Ele diz ainda que a pandemia mostrou que há setores em que é possível, por exemplo, trabalhar de casa. "O trabalho remoto pode abrir nichos novos de mercado, o que leva as pessoas a se deslocarem menos na Cidade. Vai haver menos engarrafamento, e há uma ligação da questão atmosférica com uma série de doenças", reflete. "Talvez na retomada a gente vá ter uma questão de turismo mais local, regional. Isso pode ser bom socialmente, economicamente e ambientalmente porque vai reduzir grandes deslocamentos que geram muito impacto. Vejo como uma tendência".

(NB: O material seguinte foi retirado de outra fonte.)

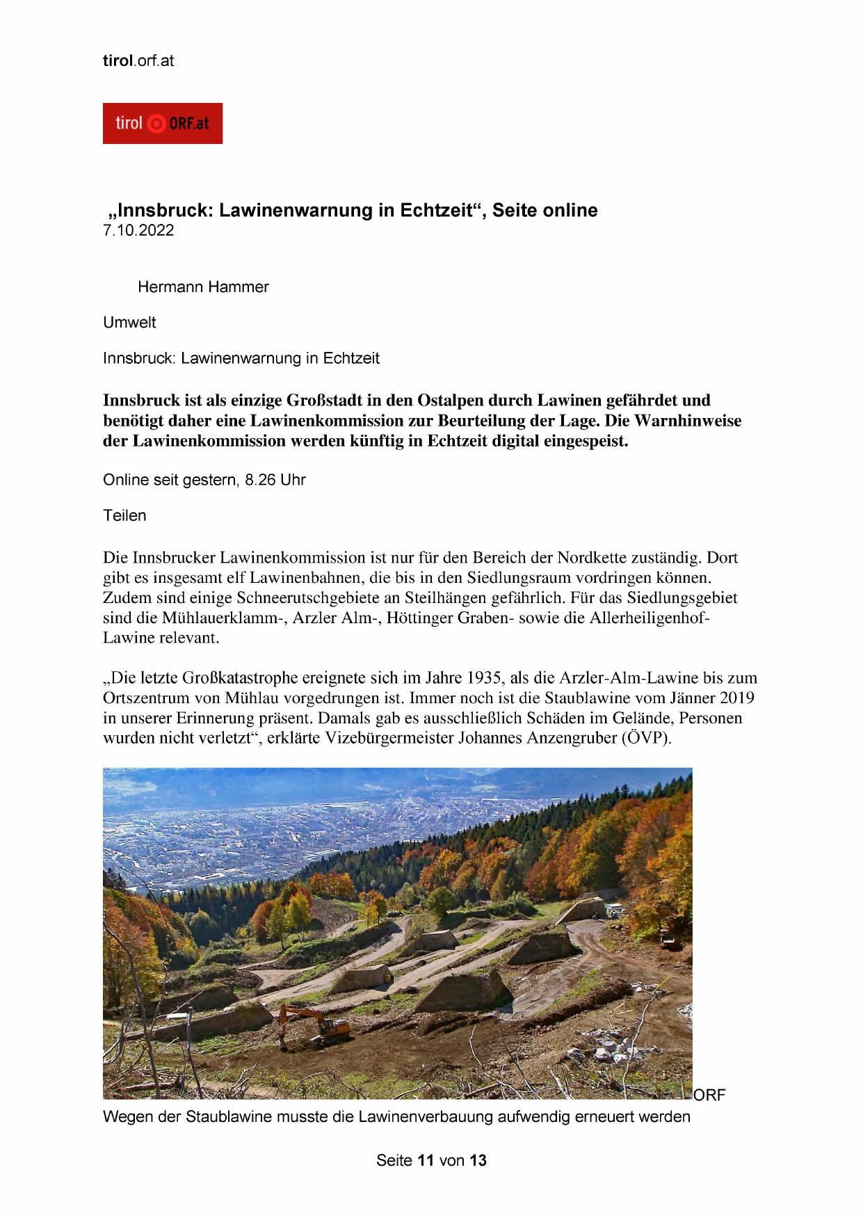„Innsbruck: Lawinenwarnung in Echtzeit“, Seite online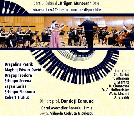 Primăria Municipiului Deva și Centrul Cultural „Drăgan Muntean” vă invită în data de 3 iunie 2022, de la ora 12:30, în Sala Mare a Centrului Cultural „Drăgan Muntean” din Deva, la un Concert Cameral cu Orchestra de Cameră Maggiore din Timișoara.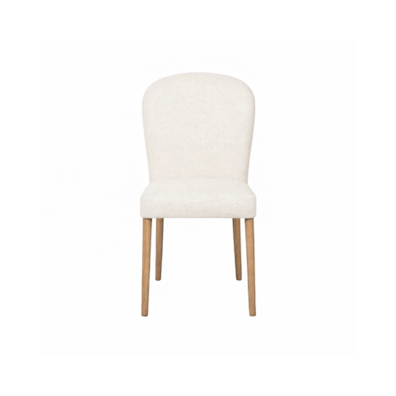 Introducing the Mid-Century Dining Chair, crafted from 100% polyester fabric and supported by a sturdy ash wood frame. This elegant chair features a nail head trim along the back, forming a graceful arc detail that enhances its appeal from every angle.

Professora do Departamento de Engenharia Hidráulica e Ambiental da UFC, Marisete Dantas destaca que a "tentativa de equilíbrio" da sociedade com a natureza não foi efetivada, já que o retorno às atividades ocorre poucos meses após o início da pandemia. "O ambiente deu uma respirada. Agora vamos enfrentar grande perda dessa qualidade natural e daqui a alguns meses estaremos como os mesmos problemas de antes", projeta. "A degradação vai ser sentida".

Consumo desenfreado

O ponto de partida para uma sociedade sustentável pós-pandemia é o equilíbrio. A geógrafa Magda Maya, doutora em Desenvolvimento e Meio Ambiente e autora do livro "Sustentabilidade 4.0" aponta que, neste momento, o indicado é não consumir de forma desenfreada. Ter comportamento calmo e controle das ações são aspectos que farão diferença nessa próxima etapa.

"Enquanto as pessoas estão em casa, seria interessante que elas pesquisem produtos e empresas que tenham a pegada da sustentabilidade. O consumo automaticamente resulta no descarte", explica, especificando a geração de resíduos como um dos grandes problemas das grandes cidades. Por isso, é preciso entender até mesmo se o serviço de coleta urbana vai conseguir dar conta da quantidade de lixo gerado.

É possível até ventilar que, pelo menos nesse período, ambientalistas têm perdido a luta contra o consumo crescente do plástico, tão descartável quanto prejudicial à natureza. De acordo com relatório da Associação Brasileira de Empresas de Limpeza Pública e Resíduos Especiais (Abrelpe), em maio último, foram coletados 28% a mais de resíduos recicláveis em relação ao mesmo período de 2019. Outro estudo da Abrelpe em parceria com a ONU Meio Ambiente mostra que 145 mil toneladas de resíduos são descartados diariamente de forma irregular na América Latina.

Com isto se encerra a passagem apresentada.